In [None]:
# Initialize Otter
import otter
grader = otter.Notebook("lab05.ipynb")

In [1]:
from datascience import *
import numpy as np

# Lab 5 – Tables

## Data 94, Spring 2021

In this lab we will be talking all about *Tables*. We use tables to store all sorts of data form sports statistics to population information. If there's data you have ever been curious about, it is very likely that the Internet has a table somewhere with that data!

Tables are integral to the foundation of Data Science, and we will go over how to **query** a table. **Querying** a table is basically asking information about the table. Some examples of common queries (in English, not code):

- How many data points are there?
- Which data points have a specific characteristic?
- What is the attribute of a specific data point?
- And many more!

There are so many ways we can use tables to get information we need, and there are several existing libraries in Python that we can use to do this! In this course, we will be using the `datascience` library, and if you take Data Science classes beyond this one, you may learn many more!

## Table Creation

Let's take a look at a table in action. Python does not have any tables by default, so we can either make a new one ourselves or we can import a table from a file. First, let's see how we can make our own table from scratch:

In [2]:
# We start out with an empty Table
# Note that 'table' is capitalized, and there is nothing in the parentheses
our_table = Table()
our_table

In [3]:
# Now, let's put some data in our table!
# We put the name of a column (a label)
# then a comma ','
# and then a NumPy array of that column's values
# Alternating labels and column values, we fill our table!
our_table = our_table.with_columns(
    "Department", np.array(["Data Science", "Economics", "Political Science", "Sociology"]),
    "Course Number", np.array([94, 1, 2, 121])
)
our_table

## Table attributes: `num_rows` and `num_columns`

We can ask for all sorts of information about the table itself:

In [4]:
our_table.num_rows

In [5]:
our_table.num_columns

## Getting columns: `column()` and `with_columns()`

We can also ask about the data in the table using the `column()` method. As mentioned in lecture, we can pass in a `label` or an `index` to this method. We index into the columns of a table much like we do the items of a list; 0 corresponds to the first column, 1 corresponds to the second, etc....

In [6]:
our_table.column("Department")

In [7]:
our_table.column(0)

Say we have a table and we want to add additional data. We can use the `with_columns()` method to do this (just like we did above)! The `with_columns` method takes inputs the exact same way as the `column()` method.
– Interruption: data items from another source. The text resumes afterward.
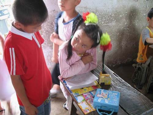 我们的课桌虽简陋,但学习可是顶呱呱哦!
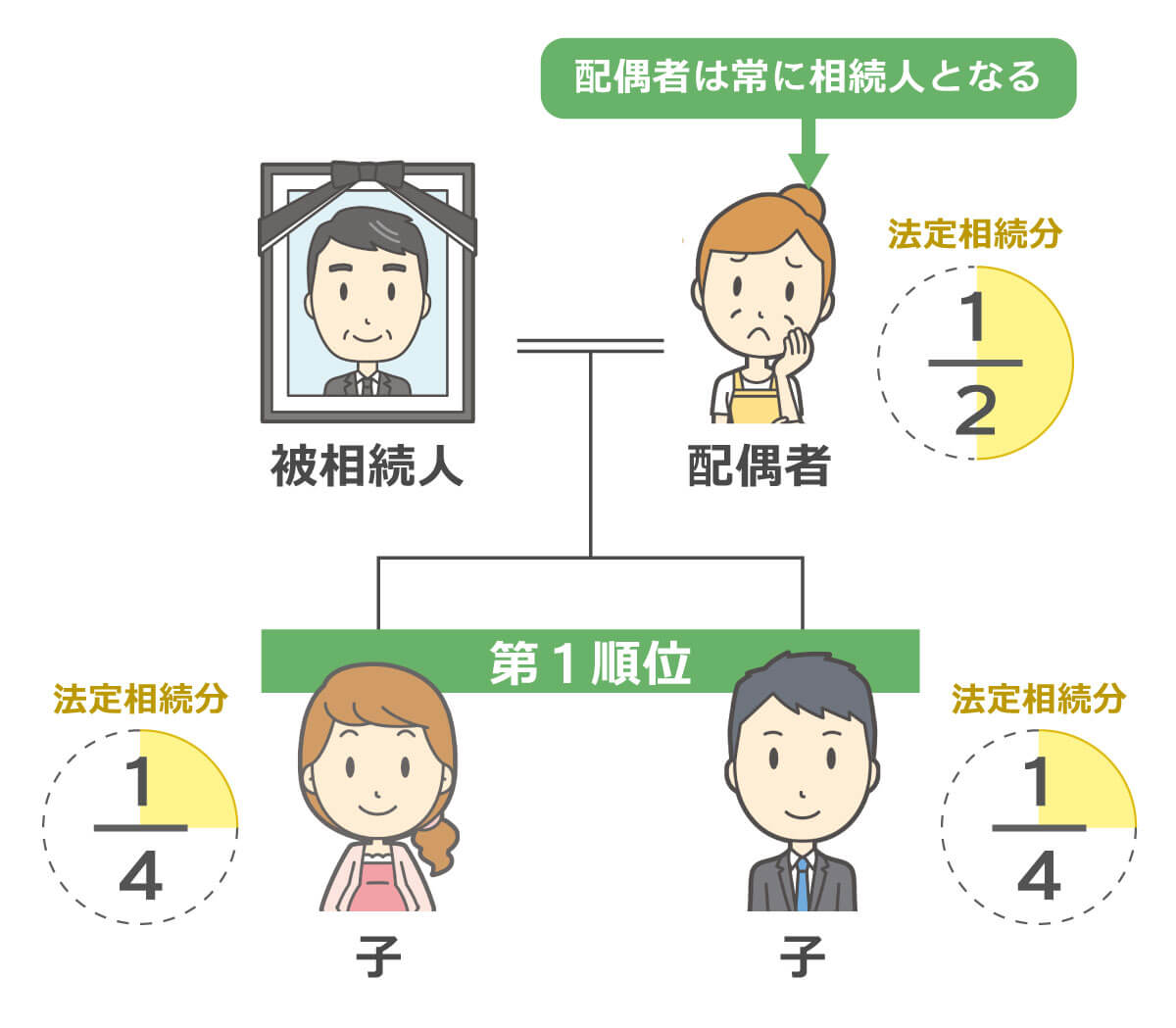 第1順位の相続人は、故人の子です。子がいる場合、第2順位以下の相続人(親や兄弟姉妹)は相続人になることができません。
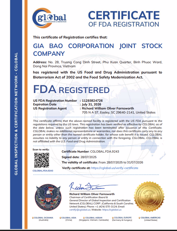 FDA là một trong những tiêu chuẩn nghiêm ngặt nhất thế giới. Việc đạt chứng nhận này giúp hạt điều Bà Tư:
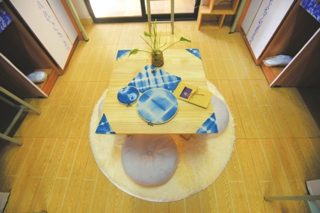 “程序上,与住旅馆或者宾馆一样?!毖盍峤涣?00元押金,领到了一张校园一卡通,住进了101房间。她的房间不大,两侧各摆放着两架高低床,整整齐齐,地面铺陈了一小块四四方方的民族风地毯,就连洁白的被子上也绣上了民族风的花纹。
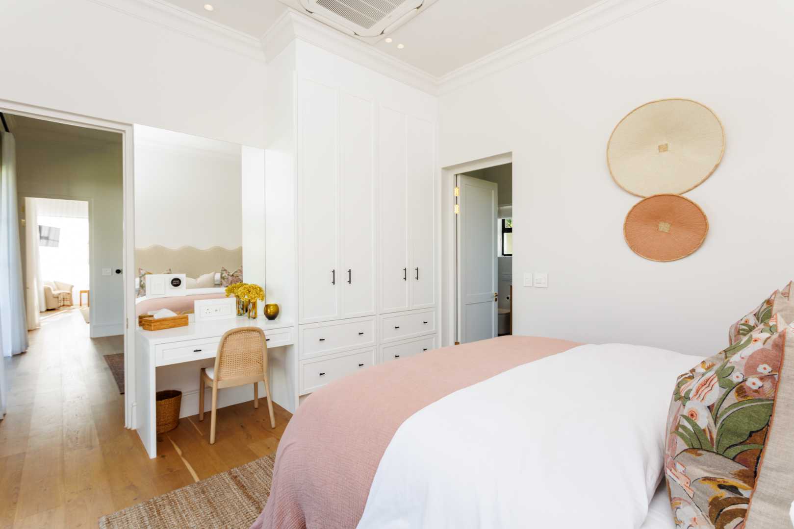 Upstairs, the beautiful main bedroom features a walk-in dressing room, a private study, an outdoor shower, underfloor heating and an additional en-suite bedroom. The ground floor has three more elegant en-suite bedrooms, a coffee station and a guest cloakroom.
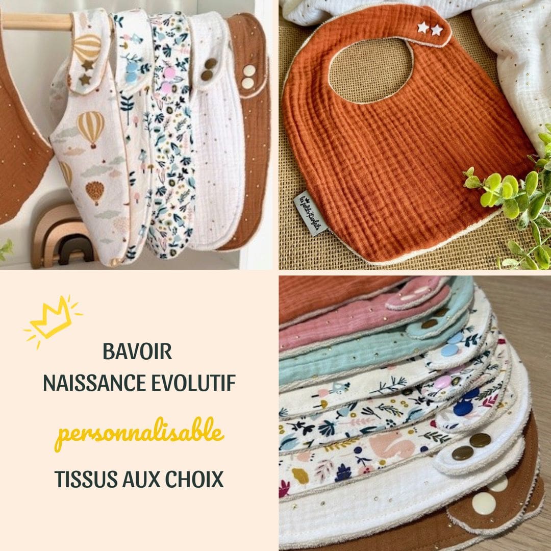 Créez un bavoir à personnaliser pour votre bébé, fait main dans mon atelier. Confortable, pratique et joli, il protège les vêtements tout en apportant une touche unique à chaque repas ✨.
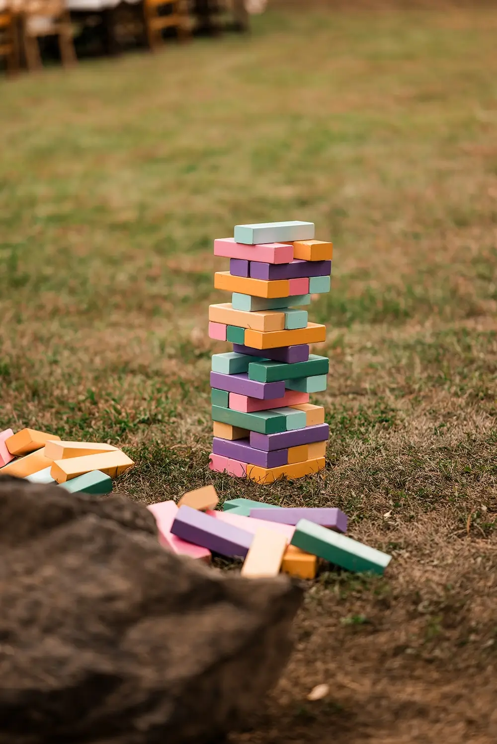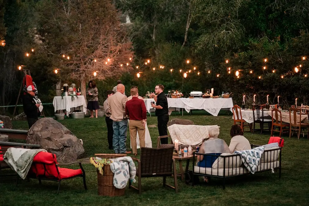 Guests spent the evening enjoying dinner, playing yard games, and settling into cozy furniture vignettes arranged for conversation and connection. Rather than a traditional dance floor, the celebration focused on time spent together—laughing, talking, and simply being present.

We need to make sure that the columns we add to the table have the same number of rows (the length of the array we pass in) as the table, otherwise we get an error.

In [8]:
# Our table has 4 rows, so our new column needs an array with 4 items, 1 for each row
our_table_new_column = our_table.with_columns("Number of Students", np.array([21, 905, 209, 63]))
our_table_new_column

In [9]:
our_table_bad_column = our_table_new_column.with_columns("Too Few Rows", np.array([1, 2, 3]))
our_table_bad_column

Note the error message here. This may be a common mistake at first, so if you see this error message, check the number of items in your column arrays.

In [10]:
# This is our final table!
# You may use this cell to explore the table and see what you can do with it so far!
our_table_new_column

## Loading a Table

Although creating our own tables by hand can be useful, more often than not the data we want to work with is far too large to be able to type out by hand. More commonly, we load datasets in from other sources using the `Table.read_table()` method. We can pass in a *file path* to this method and it will load that data into a table we can use in Python!
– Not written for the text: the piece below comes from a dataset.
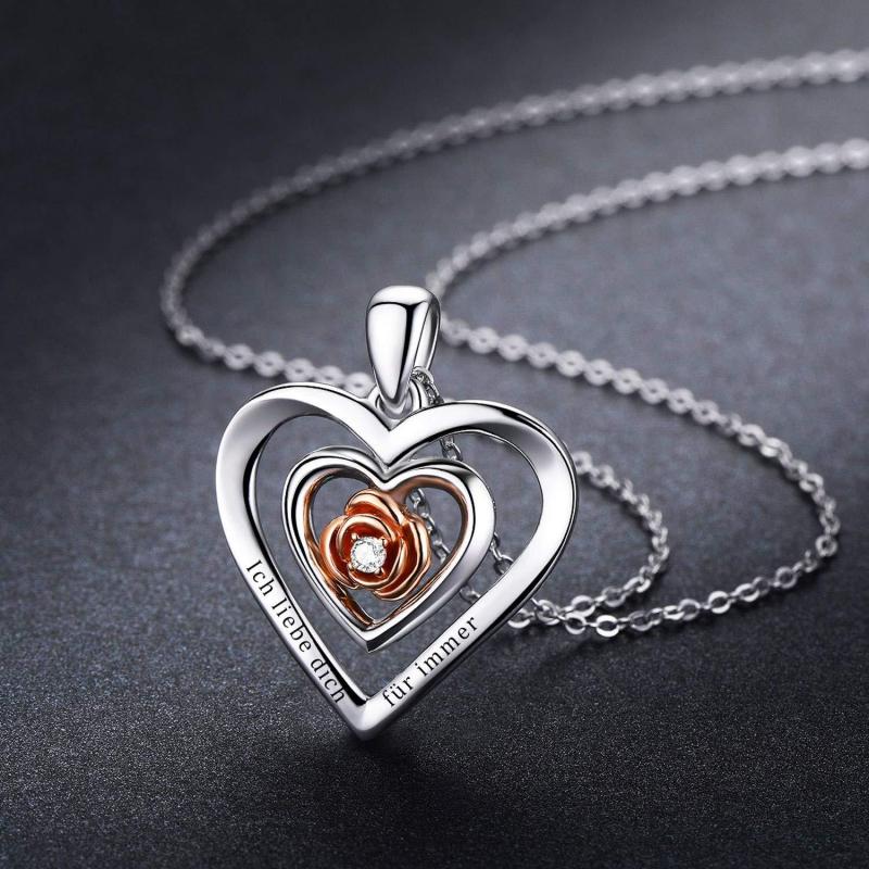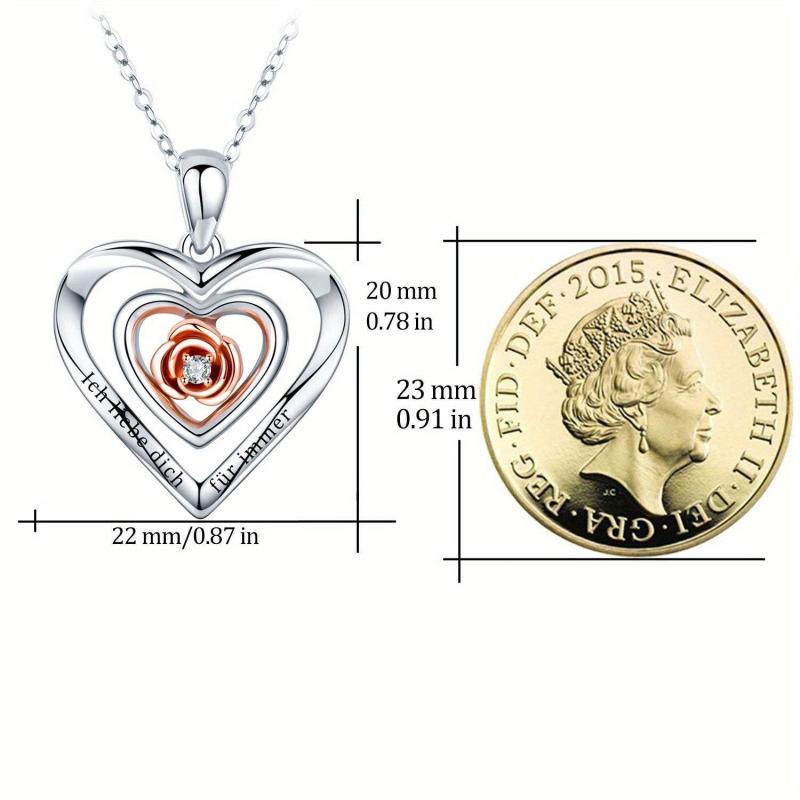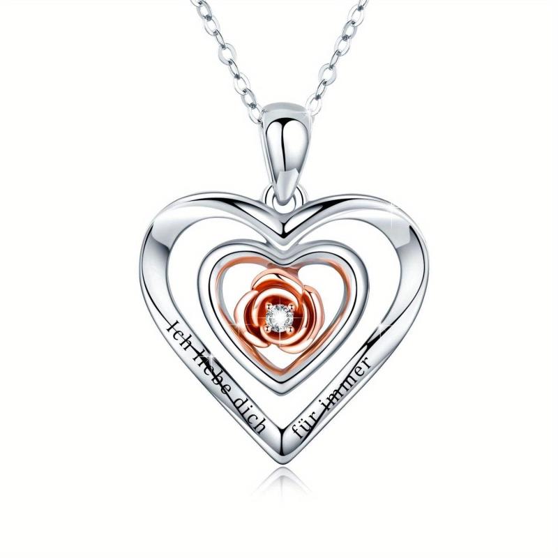 This stunning heart pendant necklace features a rose flower design, crafted from 925 sterling silver. A romantic and elegant piece of jewelry ideal for weddings, birthdays, or any special occasion.

Let's see how this works using the file `"data/football.csv"`:

*To understand why we need the `data/` in front of the filename, consult Question 1c on Homework 4 or review Lecture 14*

In [11]:
file_table = Table.read_table("data/football.csv")
file_table.show(5)

## Seeing a table: `show()`

The use of the `show()` method **displays** the first n rows of a table. Like `print()` this does not return a value, it just displays the value to us at the end of a cell.

## Excluding columns: `drop()`

We now have information about Cal Football's seasons since statistics were kept. Because this file was pulled from the internet, it may have some data in it that we are not interested in, like the rows with a bunch of `nan` values (`nan` means "Not a number", and it is commonly used to indicate there is no value there).
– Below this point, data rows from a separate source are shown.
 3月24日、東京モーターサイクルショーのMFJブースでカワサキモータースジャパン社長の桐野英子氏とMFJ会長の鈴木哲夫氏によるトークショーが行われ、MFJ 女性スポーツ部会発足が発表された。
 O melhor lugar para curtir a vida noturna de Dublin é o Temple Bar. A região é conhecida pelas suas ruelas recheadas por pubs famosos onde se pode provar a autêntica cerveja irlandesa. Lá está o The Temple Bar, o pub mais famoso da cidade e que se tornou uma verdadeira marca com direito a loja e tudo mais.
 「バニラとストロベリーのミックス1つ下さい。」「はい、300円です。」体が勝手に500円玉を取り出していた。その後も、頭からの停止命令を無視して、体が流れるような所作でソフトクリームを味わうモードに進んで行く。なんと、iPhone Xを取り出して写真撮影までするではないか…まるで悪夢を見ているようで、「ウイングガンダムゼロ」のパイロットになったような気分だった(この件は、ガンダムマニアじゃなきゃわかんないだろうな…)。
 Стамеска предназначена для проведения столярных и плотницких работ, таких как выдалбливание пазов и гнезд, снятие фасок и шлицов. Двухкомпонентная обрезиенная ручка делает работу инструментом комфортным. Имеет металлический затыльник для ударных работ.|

*Do not always necessarily remove all columns with several NaN values from a table. There may be a reason why the values are not present, but for a lab exercise we don't need to worry about it.*

We can use the `drop()` method to remove columns like this from the table. Let's drop the `Notes` column:

In [12]:
file_table_no_notes = file_table.drop("Notes")
file_table_no_notes.show(5)

Let's also drop the `AP Pre`, `AP High`, `AP Post`, `SRS` and `SOS` columns from the table. These are statistics specific to college football, and they are not important for what we're doing. `drop()` can take in as many columns as you need, and it will drop them all from the table.

In [13]:
file_table_improved_columns = file_table_no_notes.drop("AP Pre", "AP High", "AP Post", "SRS", "SOS")
file_table_improved_columns.show(5)

## Number of Years

We can see how many years this table covers by asking about how many rows the table has. Assign the variable `file_table_rows` to the number of rows in `file_table_improved_columns`. You should not write an integer, rather use one of the table attributes we have talked about so far to **calculate** the number of rows.

<!--
BEGIN QUESTION
name: q1
points: 0
-->

In [14]:
file_table_rows = ...

In [None]:
grader.check("q1")

Using this value, we can calculate the first year in `file_table_improved_columns` without looking at it!

In [16]:
# The Table covers up until 2020, so subtracting the number of rows gives us the first year NOT in the table
# We add one to the result to get the first year in the table
print("The first year in this table is:", 2020 - file_table_rows + 1)

## Querying

Let's try querying our new table. Let's see what conferences Cal has played in during its history using the `Conf` column:

In [17]:
conference_list = file_table_improved_columns.column("Conf")
conference_list

As you can see, this list looks long and repetitive, but we can use the `np.unique` method to tell us all the conferences only once as they appear:

In [18]:
np.unique(conference_list)

## Picking columns: `select()`

It appears that there are also several other columns that we are not very interested in. Instead of dropping several columns, we can use the `select()` method to grab only the columns we want. In this case, we only want to keep the `Year`, `W`, `L`, `T`, and `Pct`,  columns:

In [19]:
football_table = file_table_improved_columns.select("Year", "W", "L", "T", "Pct")
football_table

In [20]:
# Note that our file_table table is still in tact after this:
file_table_improved_columns

## Changing column labels: `relabeled()`

Some of these columns have labels that may not be best for what they store. Let's change the column labels to the following:

- Year: stay the same
- W -> Wins
- L -> Losses
- T -> Ties
- Pct -> Winning Percentage

We can rename column labels using the `relabeled()` method. You have the choice to only relabel one column or you can relabel several at once. To change the names of multiple columns, we pass in an array of the old names and an array of the new names as the 2 inputs to `relabeled()`:

*There is another method `relabel()` which changes the original table without an `=`. **Be careful** using this method as it can change your data when you may not want to.*

In [21]:
old_names = np.array(["W", "L", "T", "Pct"])
new_names = np.array(["Wins", "Losses", "Ties", "Winning Percentage"])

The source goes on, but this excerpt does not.